In contrast, section 12025 chiefly regulates the possession in public or in a vehicle, of unloaded concealable firearms by persons permitted to possess such weapons.4

People v. Nelums (1982) 31 Cal.3d 355 [182 Cal.Rptr. 515, 644 P.2d 201], relied on by the People, which held that operability was not limited to violations of sections 12021, 12073 and 12074, impliedly recognized that the Legislature was concerned with persons who ought not to have firearms. Nelums involved sections 12022, subdivision (a), and 12022.5. These sections do not relate to the possession of weapons otherwise lawfully possessed. Rather, section 12022, subdivision (a), provides an enhanced punishment for a person who is armed with a firearm while committing a felony, and section 12022.5 provides an enhanced punishment for a person who personally uses a firearm while committing a felony. Given the purpose of those sections, the Supreme Court in People v. Nelums, supra, 31 Cal.3d 355, held that a person is “armed with a firearm” within the meaning of Penal Code section 12022, subdivision (a), even if the weapon is inoperable (31 Cal.3d at p. 360), and approved those cases holding that a person “uses a firearm” within the meaning of section 12022.5 whether or not the weapon is operable. (Id.., at p. 359.)

The court reasoned: “[Substantial risks of harm by a resisting victim or third person exist whether or not the offender’s firearm is operable. Although such risks may be minimal if the firearm remains concealed, armed offenders frequently may passively display their firearms, without actually using them to facilitate the commission of their offenses. Such passive display may *4stimulate resistance. Moreover, the Legislature reasonably could have sought to discourage persons from arming themselves with an inoperable firearm, whether or not concealed, because of the potential for harm in the event that the firearm is ultimately displayed and used. It follows that even though defendant may not have actually used his firearm, his mere act of carrying it created the additional risks of harm which fully justify an enhanced penalty.” (31 Cal.3d at pp. 359-360.)

We note that under Penal Code section 12025, firearms “carried openly in belt holsters are not concealed . . . .” Thus part of the theory underlying Nelums does not apply to the lawful transportation of a concealable firearm. (“. . . armed offenders . . . may passively display their firearms . . . .” (31 Cal.3d at p. 360.))

In short, we conclude that the Legislature did not intend to include inoperable weapons within the meaning of a concealable weapon the public possession and transportation of which is regulated by section 12025.5

The judgment is reversed.

Cooperman, P. J., and Bernstein, 1, concurred.

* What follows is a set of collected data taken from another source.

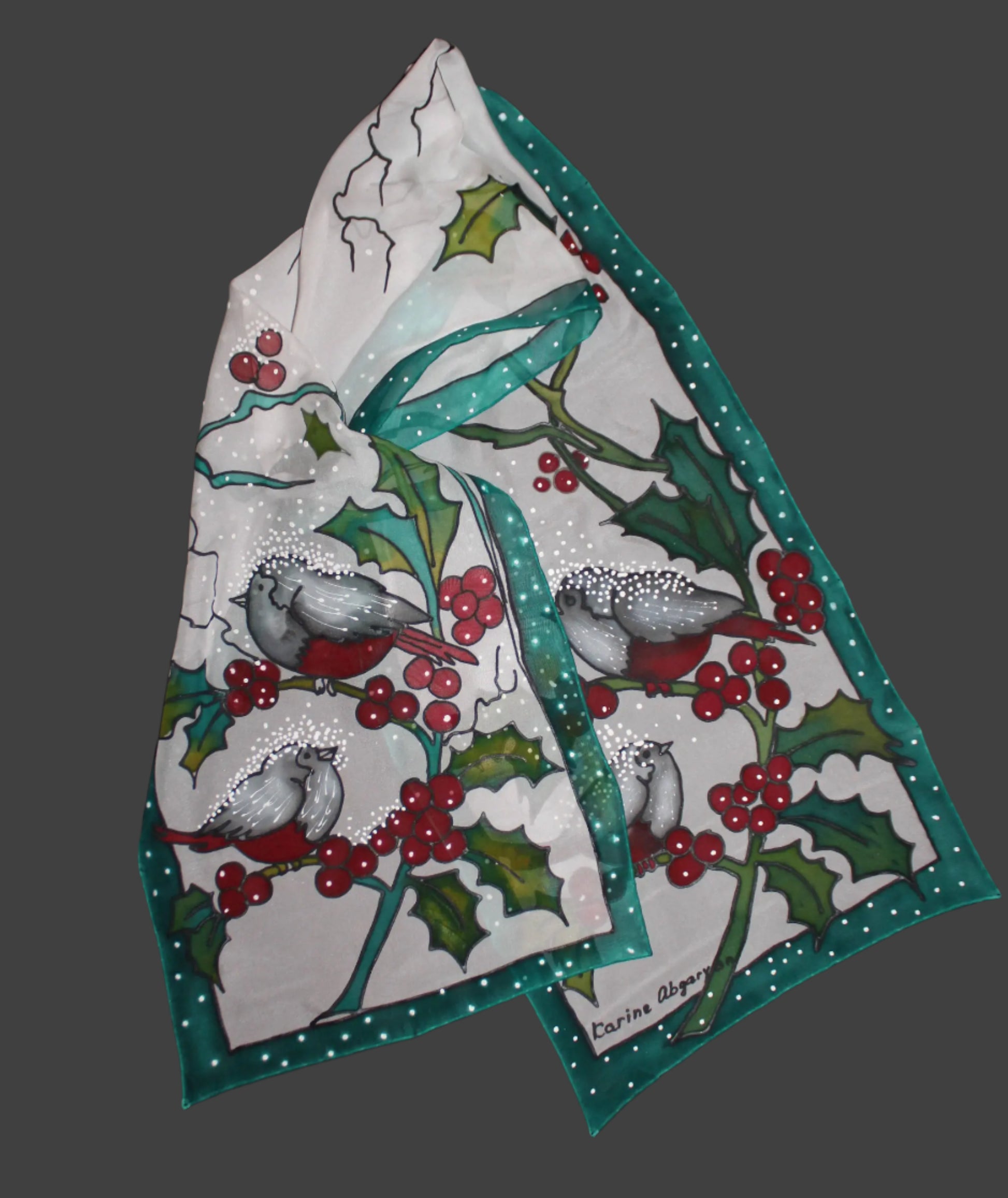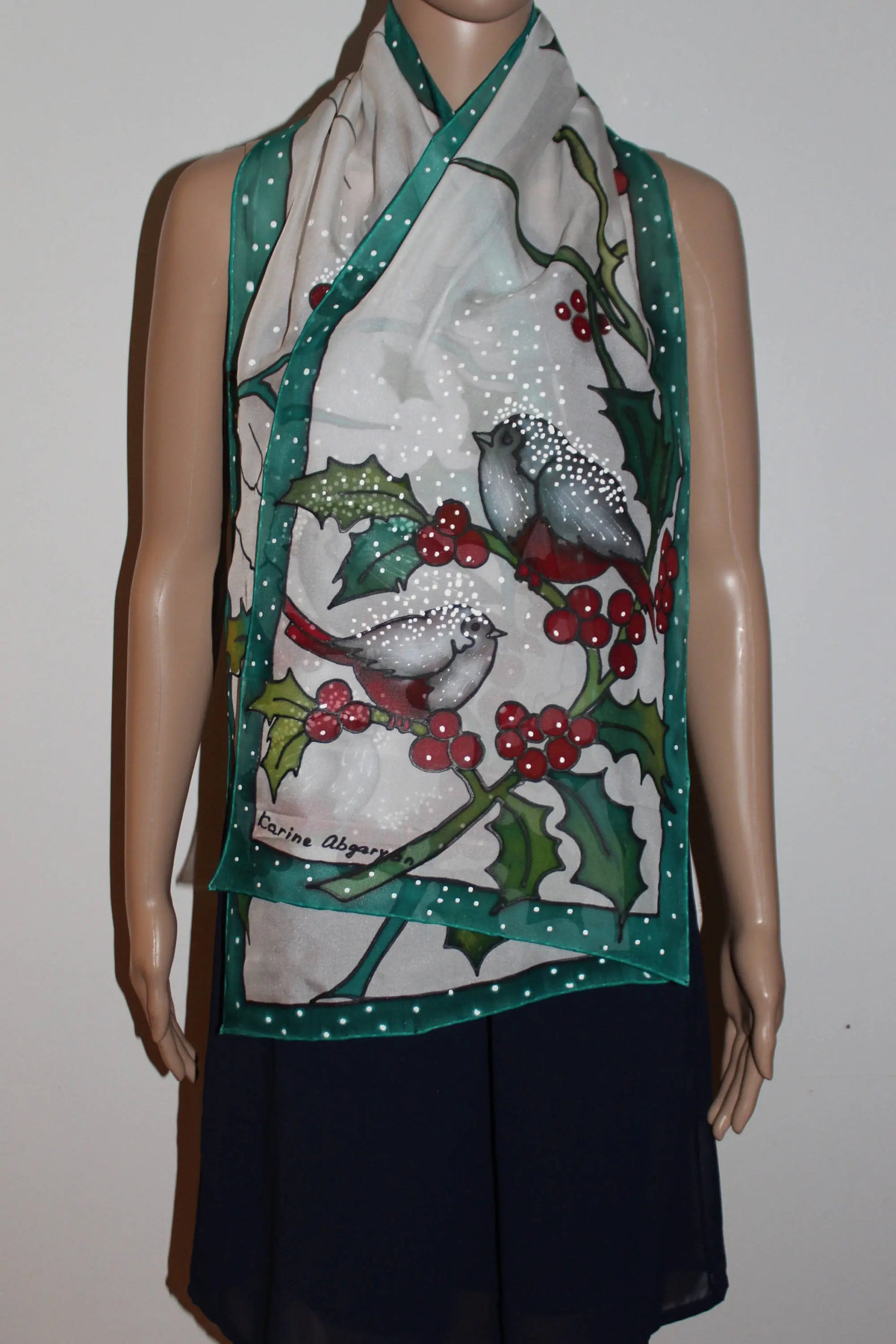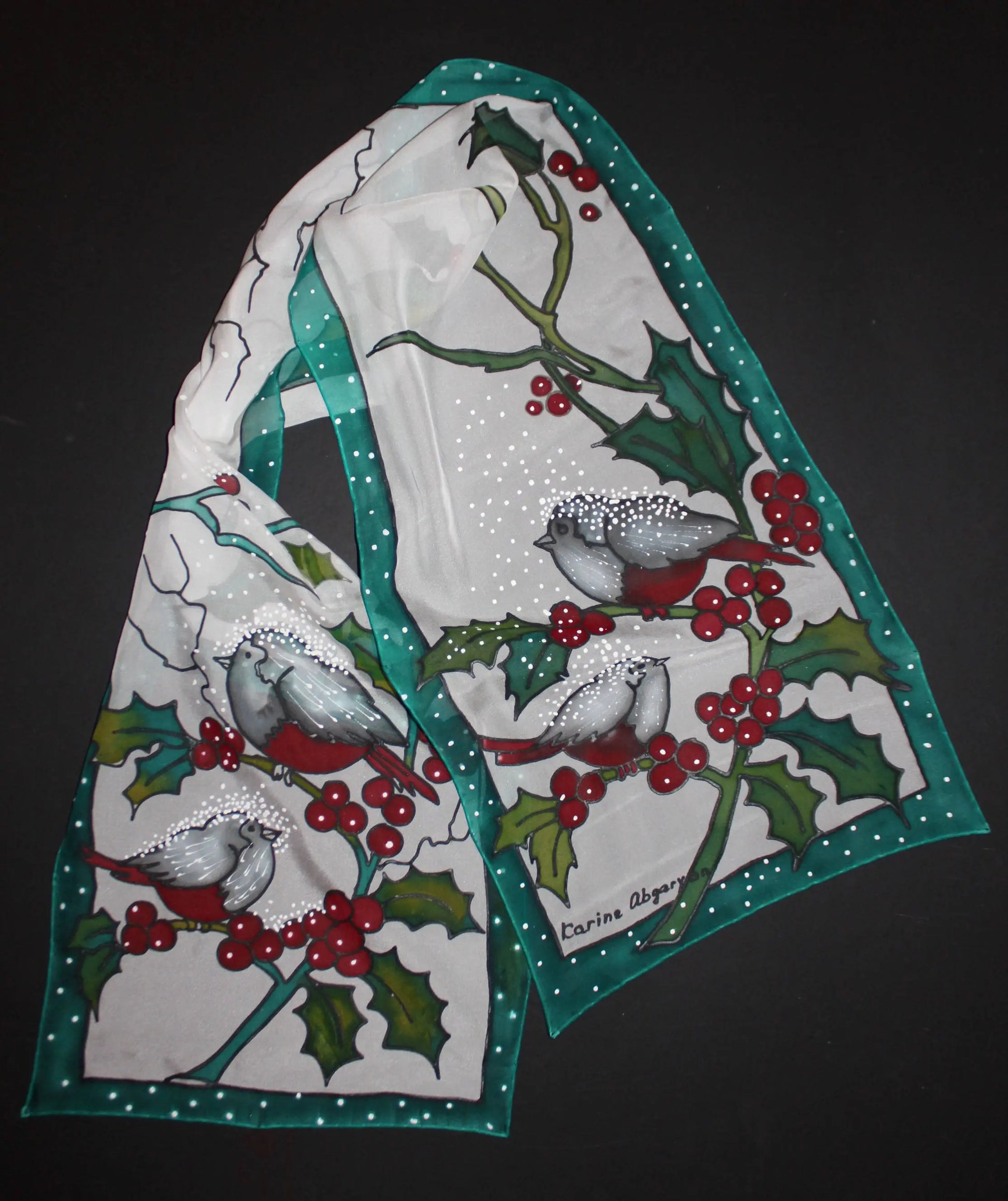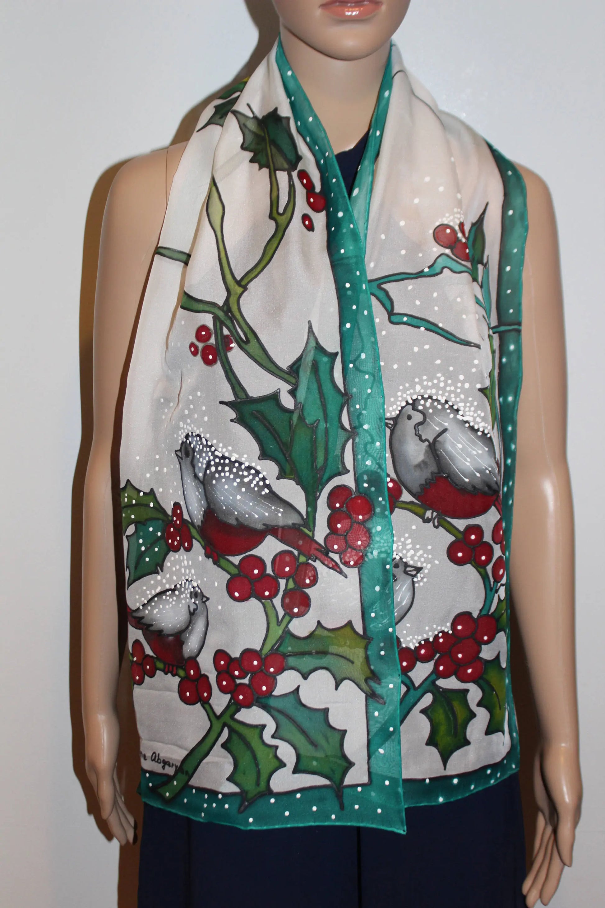 Hand painted Winter scarf, Snowball Winter Bird scarf
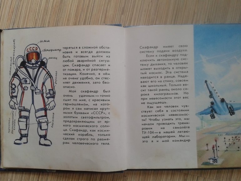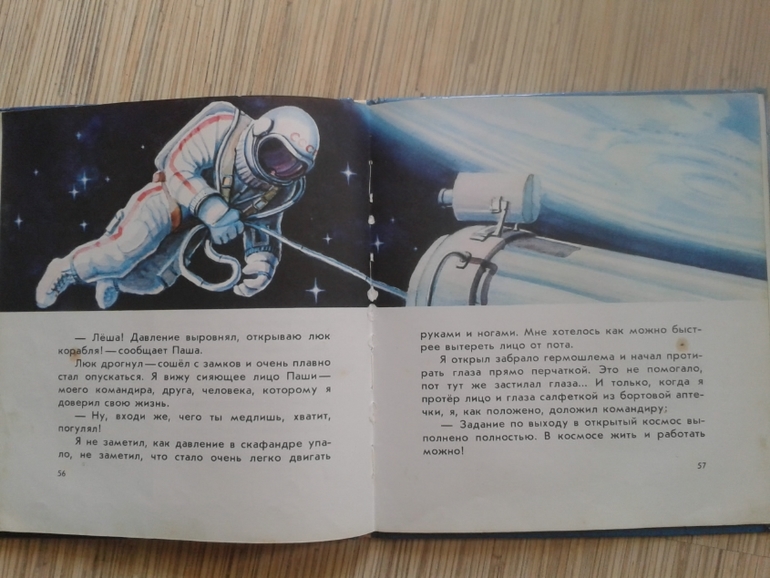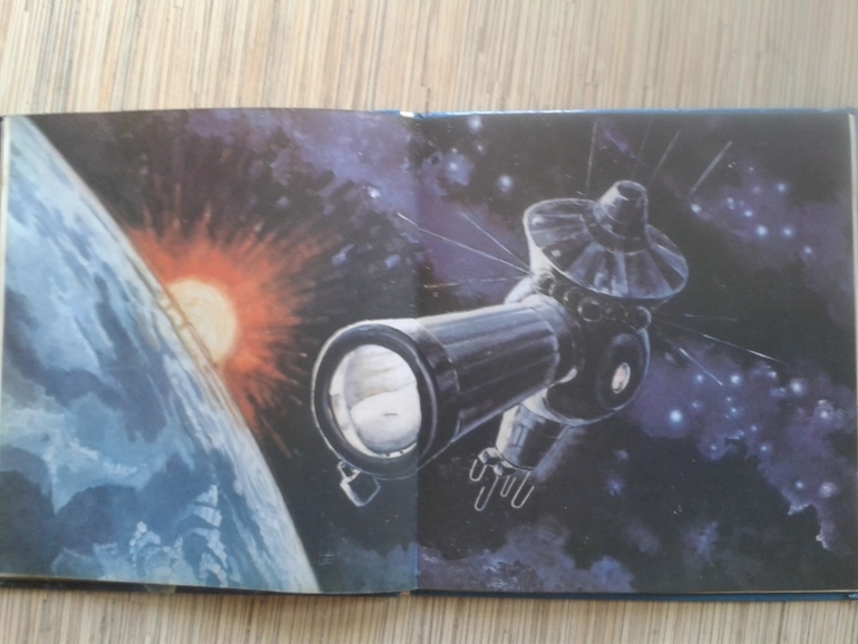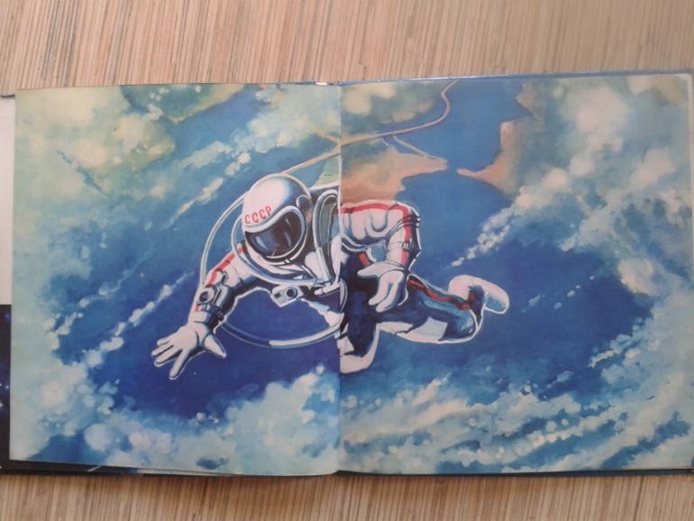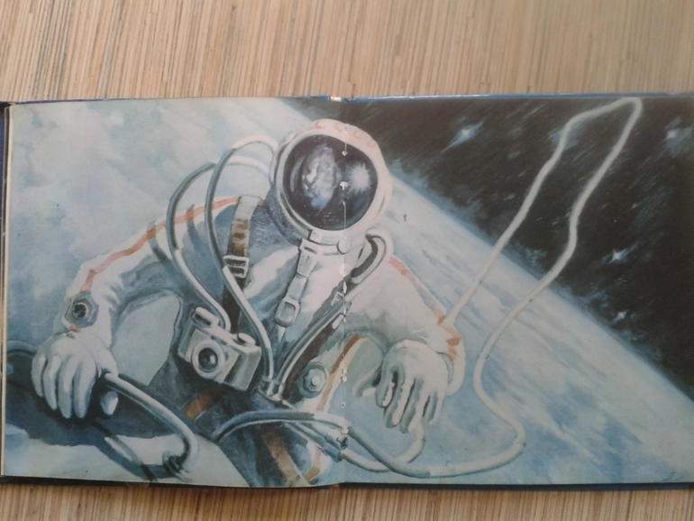 Эту книгу я многократно в детстве рассматривала и сама придумывала истории про полеты в космос. Не знаю переиздавали ли ее с 1980г. или нет. Но я очень рада, что нашла ее и могу поделиться с вами. Особую ценность книге придает авторство самого Алексея Леонова, который первый своими глазами видел космос через стекло своего космического шлема.
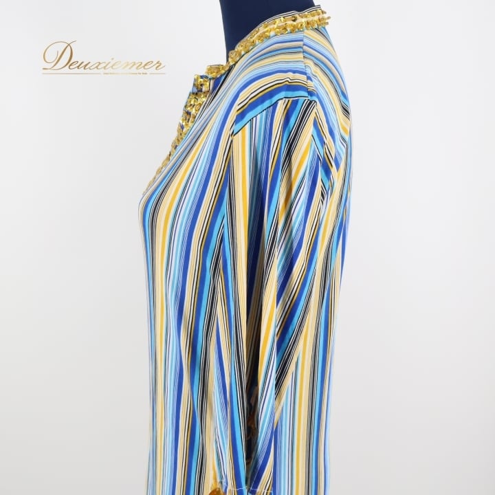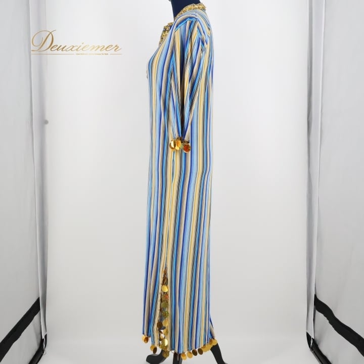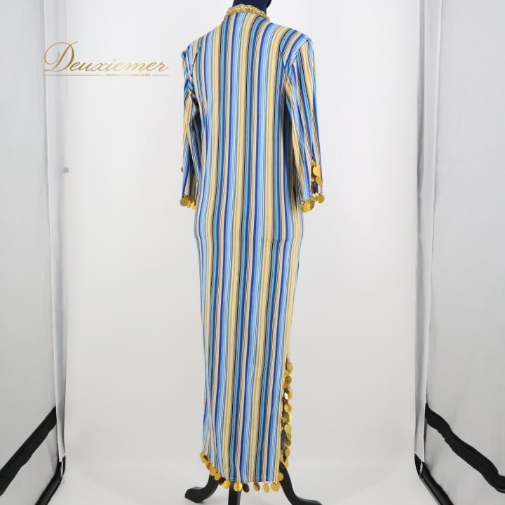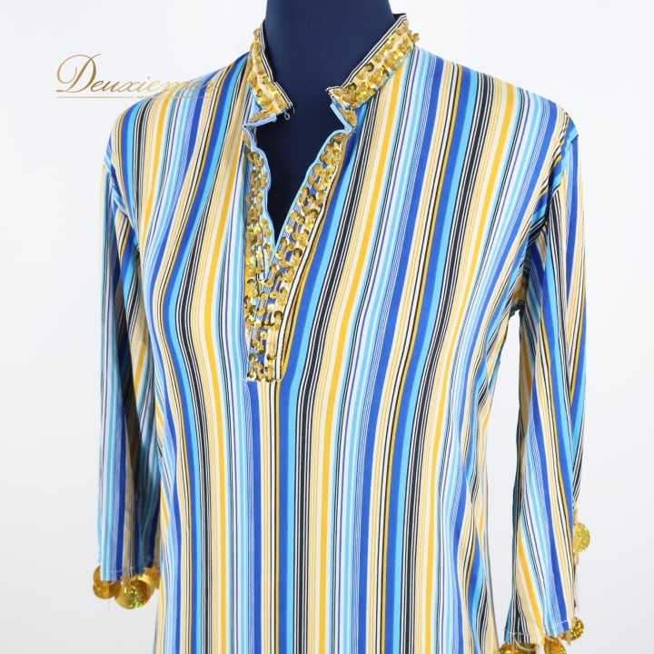 ベリーダンス 衣装 サイーディドレス ワンピース ドレス ガラベーヤ ブルー系 青 イエロー系 黄色 ゴールド ラメ ストライプ柄 舞台 発表会 パーティー コスチューム スパンコール 目を引く おしゃれ デザイン
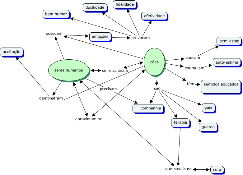 Esse mapa conceitual, produzido no IHMC CmapTools, tem a informação relacionada a: do grupo_aula presencial, cães são guarda, emoções provocam docilidade, cães são terapia, cães causam bem-estar, terapia que auxilía na cura, emoções provocam afetividade, cães demonstram aceitação, terapia que auxilía na seres humanos, cães são companhia, cães possuem emoções, seres humanos se relacionam cães, seres humanos precisam companhia, cães têm sentidos aguçados, seres humanos possuem emoções, cães estimulam auto-estima, seres humanos demonstram aceitação, cães são guia, emoções provocam fidelidade, seres humanos aproximam-se cães, emoções provocam bom humor
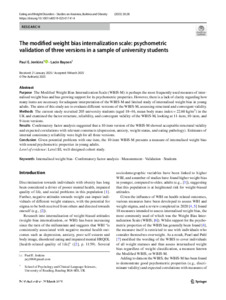 Jenkins, P. E. ORCID: https://orcid.org/0000-0003-1673-2903 and Baysen, L. (2025) The modified weight bias internalization scale: psychometric validation of three versions in a sample of university students. Eating and Weight Disorders-Studies on Anorexia Bulimia and Obesity, 30. 28. ISSN 1124-4909 doi: 10.1007/s40519-025-01741-4
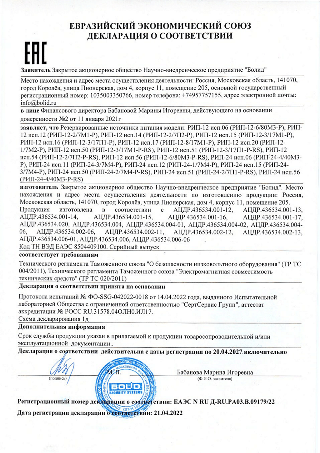 Декларация о соответствии Блок питания РИП-24-4/40М3-Р (исп.06) BOLID
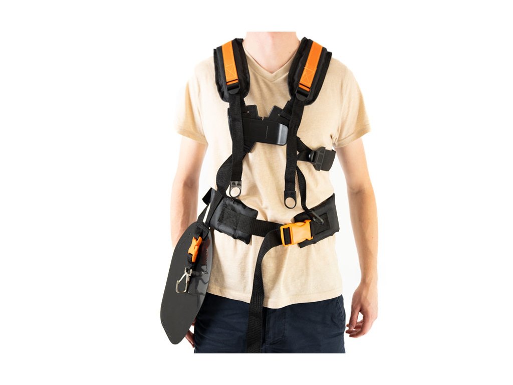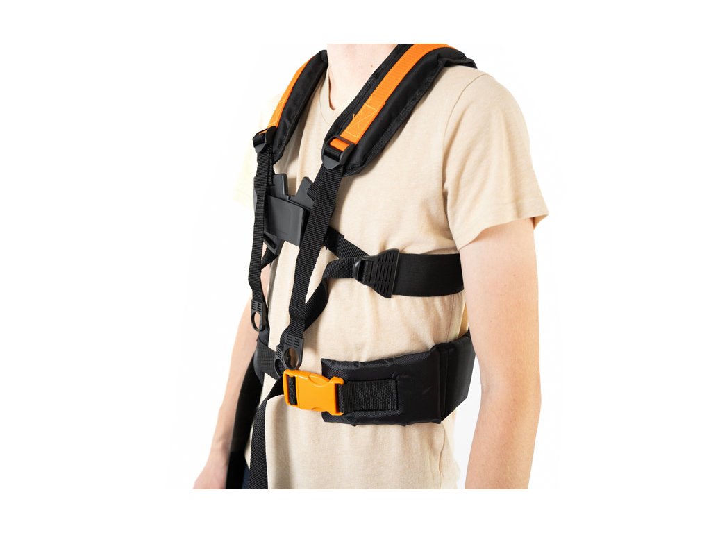 Dvouramenný zádový profesionální popruh ke křovinořezům. Široké popruhy, výztuhy a nastavitelné zapínání, díky kterému lze ramenní popruhy přizpůsobit každé postavě.
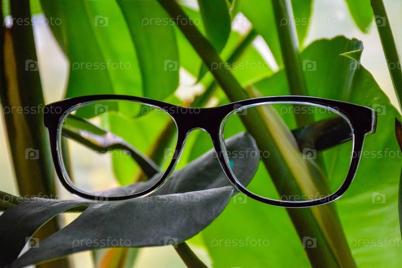 Очки с прозрачными линзами лежат среди зелени

The expert, although testifying that the “barrel” was “missing,” also testified that there was “tooling” on the “breach” to which a “barrel” would be affixed. We have examined the weapon; the “tooling” looks like a very short “barrel.”

All references are to the Penal Code.

Section 12073 requires a dealer to keep a register qf transactions involving pistols, revolvers, or other concealable weapons.

Section 12026 authorizes persons not within the prohibited classes to possess concealable firearms in their homes or businesses. Section 12031 prohibits possession in a public place or vehicle of any loaded firearm, whether or not concealable. Although section 12025 is violated when anyone, including a felon, possesses a concealable firearm, that section is necessary only to control the acts of a person otherwise permitted to possess the weapon.

We emphasize that this opinion is limited to the possession of an unloaded inoperable concealable firearm. (Cf. People v. Hale (1974) 43 Cal.App.3d 353, 356 [117 Cal.Rptr. 697] [dictum re disassembled concealable firearm]; People v. Taylor (1984) 151 Cal.App.3d 432, 436-437 [199 Cal.Rptr. 6] [dictum re operability of loaded firearm].)